The reference is the leads and lags of the treatment (a distributed-lag specification in levels), defined relative to a treatment change rather than to a single absorbing onset, so it handles the on/off treatment simulated above rather than assuming a single absorbing onset. It is still intended only as a reference: it is not robust to treatment-effect heterogeneity – which is the point. Showing it next to the robust estimators makes the correction visible.

Plot

nabs_event_plot(
  res_dcdh$tidy, res_pm$tidy, res_ife$tidy,
  reference = ref,
  xlim = c(-4, 6),
  ylim = c(-1, 2),
  ylab = "Effect on y"
)

Default prepost_color overlay of three estimators vs naive TWFE

The reference series is drawn in grey20 (configurable via reference_color) and dashed, so it sits visually behind the main estimators. Pre-treatment periods get round markers; post-treatment get triangles.
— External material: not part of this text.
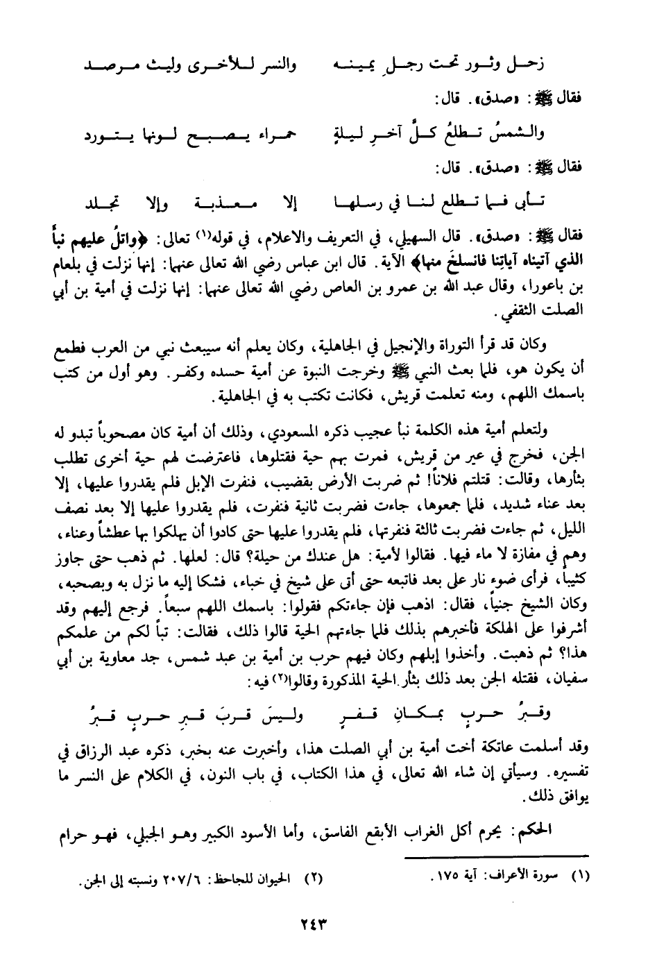 ولتعلم أمية هذه الكلمة نبأ عجيب ذكره المسعودي، وذلك أن أمية كان مصحوبا تبدو له الجن، فخرج في عير من قريش، فمرت بهم حية فقتلوها، فاعترضت لهم حية أخرى تطلب بثأرها، وقالت: قتلتم فلانا! ثم ضربت الأرض بقضيب، فنفرت الإبل فلم يقدروا عليها، إلا بعد عناء شديد، فلما جمعوها، جاءت فضربت ثانية فنفرت، فلم يقدروا عليها إلا بعد نصف الليل، ثم جاءت فضربت ثالثة فنفرتها، فلم يقدروا عليها حتى كادوا أن يهلكوا بها عطشا وعناء، وهم في مفازة لا ماء فيها. فقالوا لأمية: هل عندك من حيلة؟ قال: لعلها. ثم ذهب حتى جاوز كثيبا، فرأى ضوء نار على بعد فاتبعه حتى أتى على شيخ في خباء، فشكا إليه ما نزل به وبصحبه، وكان الشيخ جنيا، فقال: اذهب فإن جاءتكم فقولوا: باسمك اللهم سبعا. فرجع إليهم وقد أشرفوا على الهلكة فأخبرهم بذلك فلما جاءتهم الحية قالوا ذلك، فقالت: تبا لكم من علمكم هذا؟ ثم ذهبت. وأخذوا إبلهم وكان فيهم حرب بن أمية بن عبد شمس، جد معاوية بن أبي سفيان، فقتله الجن بعد ذلك بثأر الحية المذكورة وقالوا «2» فيه:

Each method gets its own color pair; the default palette is patterned after the conventions in applied DCDH/PanelMatch papers, with red shades pre and blue/green post.

Plot styles

nabs_event_plot() offers two ways to encode the pre/post distinction, plus an option to join point estimates with a thin line. With style = "method_shape", color encodes the method only and the pre/post split is carried by marker shape (hollow circles pre, filled triangles post), which reads cleanly in grayscale:

method_shape style: color by method, shape by pre/post

nabs_event_plot(res_dcdh$tidy, res_pm$tidy, res_ife$tidy, reference = ref,
                style = "method_shape")

Set connect = TRUE (works with either style) to join each series’ point estimates with a thin line through the full path:

method_shape style with connected point estimates

nabs_event_plot(res_dcdh$tidy, res_pm$tidy, res_ife$tidy, reference = ref,
                style = "method_shape", connect = TRUE)

Schema

Every tidier returns a tibble with the same columns:

column type description
time int Relative period (0 = treatment onset).
estimate num Point estimate.
std.error num Standard error (may be NA).
conf.low num Lower CI bound.
conf.high num Upper CI bound.
window chr "pre" if time < 0, else "post".
method chr "DCDH", "PanelMatch", "IFE", "TWFE", or custom.
outcome chr Outcome variable name.

Anything you can coerce to a data frame with at least time and estimate columns can also flow through as_nabs_event_study(). This makes it easy to plug in additional estimators later – write a one-line method that pulls the right slots, and the plotting code keeps working.